Problem description
In the copy, include every record below exactly as it appears, but no pictures.

Data records
○ ○ ○ ○ ○

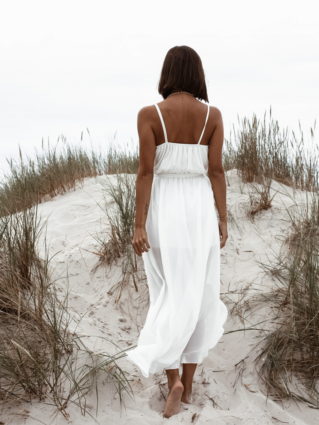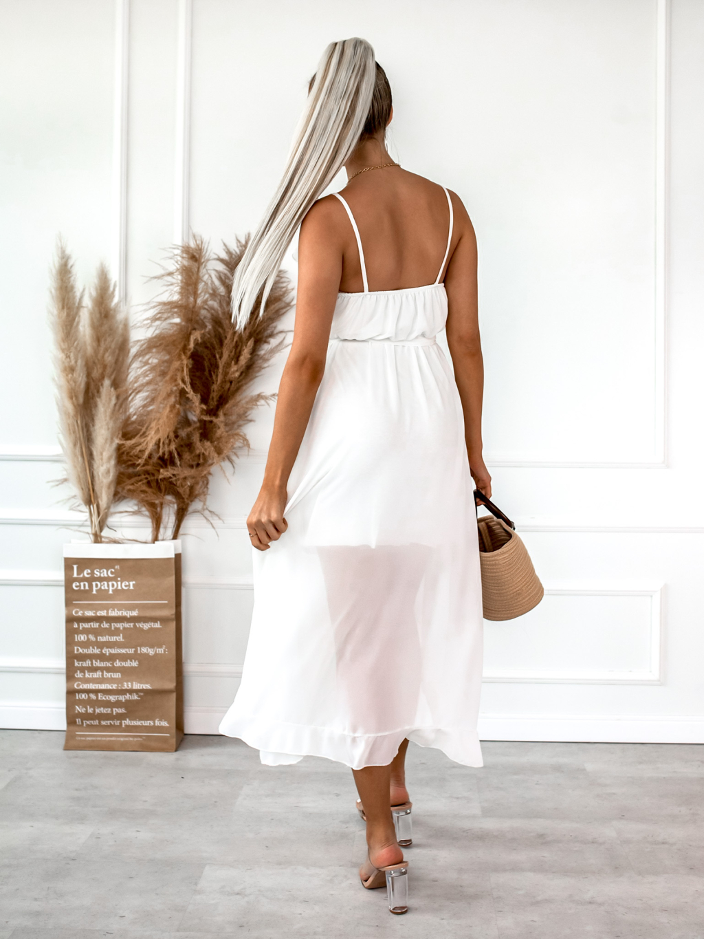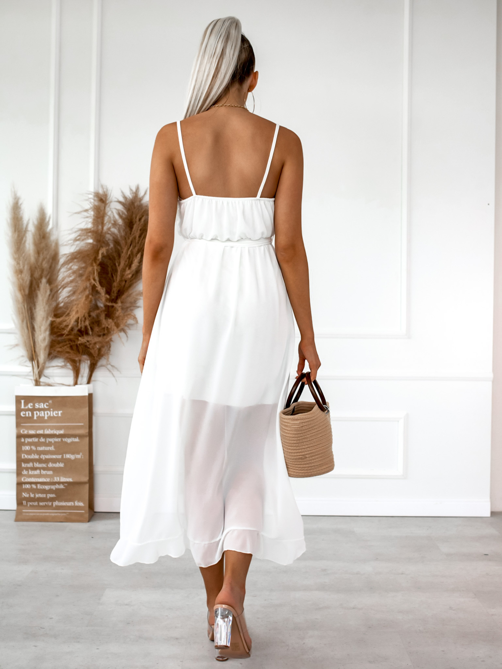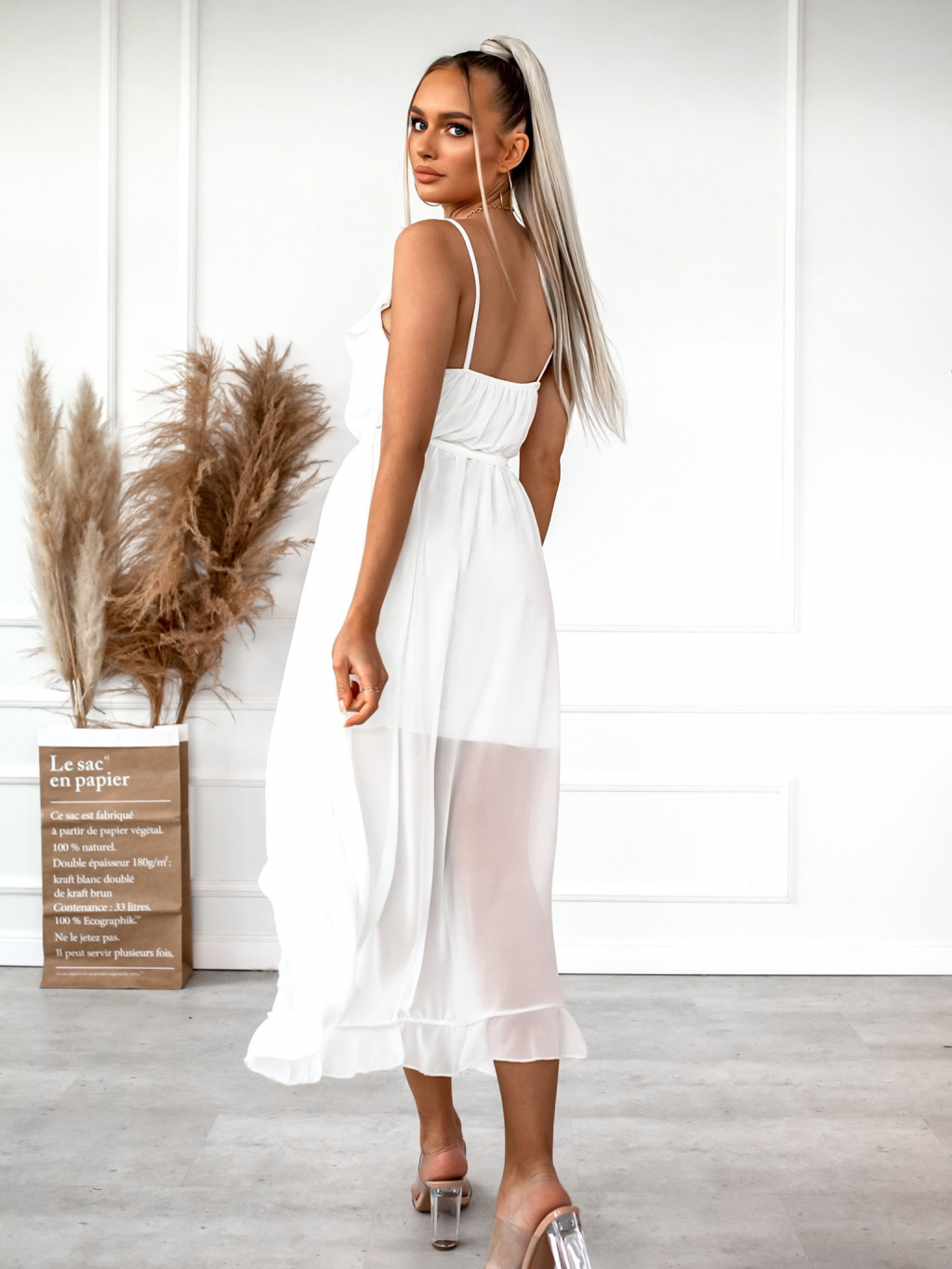 Bílé volánkové šaty RHEA na ramínka
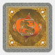 This magnificent symbol is depicted with carved gold and embossed jeweled red lacquer against a leather background. The four suns rendered in gold represent the totality of the seasons. The center of each sun features the embedded Pisces birthstone color, aquamarine.
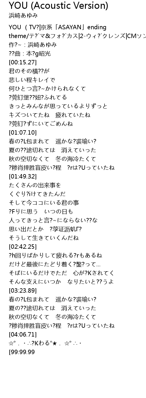 [00:01.35] YOU (TV?|京系「ASAYAN」ending theme/テ?`マ&フォ?`カス|2-ウィ?`クレンズ|CMソング)
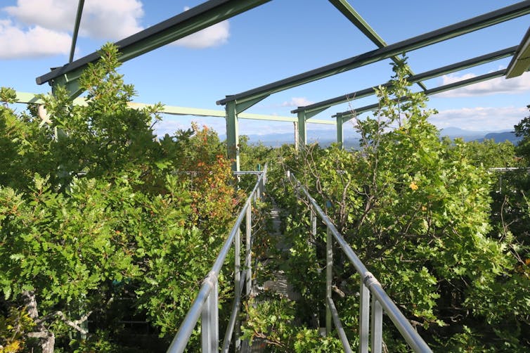 L’idée a été (et continue de l’être) de changer, sur une parcelle comprenant plusieurs dizaines d’arbres, le régime des précipitations en allongeant notamment la durée de la période de sécheresse évoquée plus haut. La biodiversité et le fonctionnement de l’écosystème de la parcelle soumise à ce changement climatique sont comparés à une parcelle « témoin ».
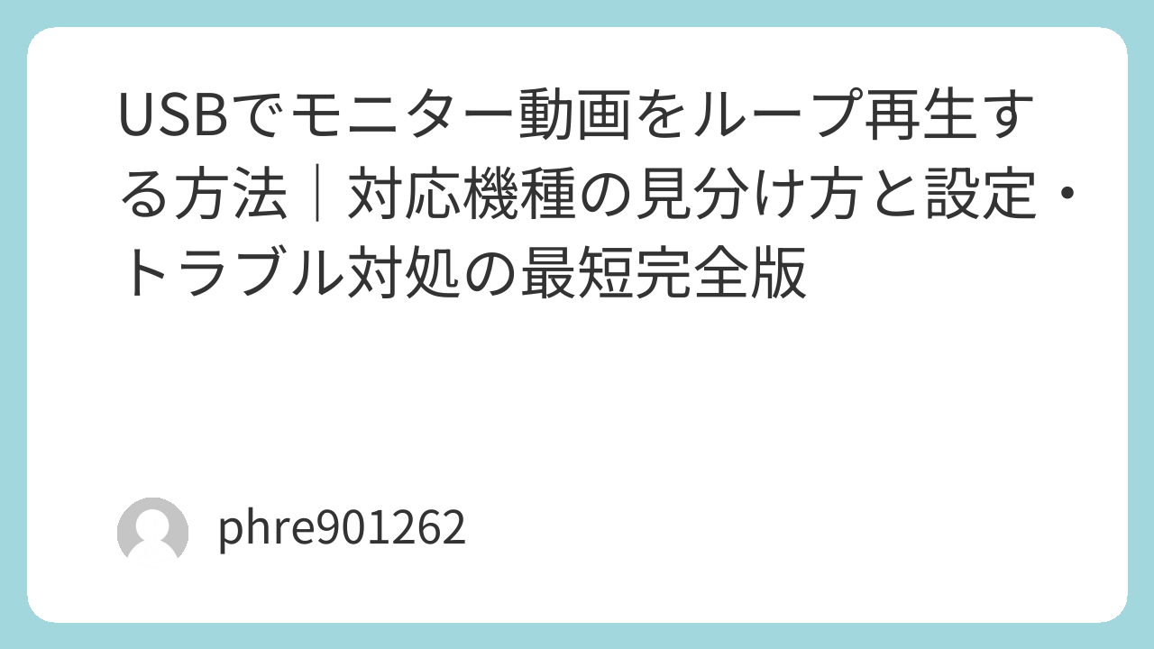 USBを挿したら勝手に動画が回り続ける。これを期待してモニターのUSB端子に突っ込みたくなるけど、結論はわりとシンプルで「そのモニターがUSBメディア再生(しかもリピート対応)を持っているか」で9割決まります。PC用モニターのUSBは給電やハブ用途が多く、動画再生メニュー自体が無いことも珍しくありません。だから最初に“できる土俵”かどうかを見抜いて、無理なら外部プレーヤーで片付ける。これが一番早いです。

○ ○ ○ ○ ○

Output of the task
 Bílé volánkové šaty RHEA na ramínka
 This magnificent symbol is depicted with carved gold and embossed jeweled red lacquer against a leather background. The four suns rendered in gold represent the totality of the seasons. The center of each sun features the embedded Pisces birthstone color, aquamarine.
 [00:01.35] YOU (TV?|京系「ASAYAN」ending theme/テ?`マ&フォ?`カス|2-ウィ?`クレンズ|CMソング)
 L’idée a été (et continue de l’être) de changer, sur une parcelle comprenant plusieurs dizaines d’arbres, le régime des précipitations en allongeant notamment la durée de la période de sécheresse évoquée plus haut. La biodiversité et le fonctionnement de l’écosystème de la parcelle soumise à ce changement climatique sont comparés à une parcelle « témoin ».
 USBを挿したら勝手に動画が回り続ける。これを期待してモニターのUSB端子に突っ込みたくなるけど、結論はわりとシンプルで「そのモニターがUSBメディア再生(しかもリピート対応)を持っているか」で9割決まります。PC用モニターのUSBは給電やハブ用途が多く、動画再生メニュー自体が無いことも珍しくありません。だから最初に“できる土俵”かどうかを見抜いて、無理なら外部プレーヤーで片付ける。これが一番早いです。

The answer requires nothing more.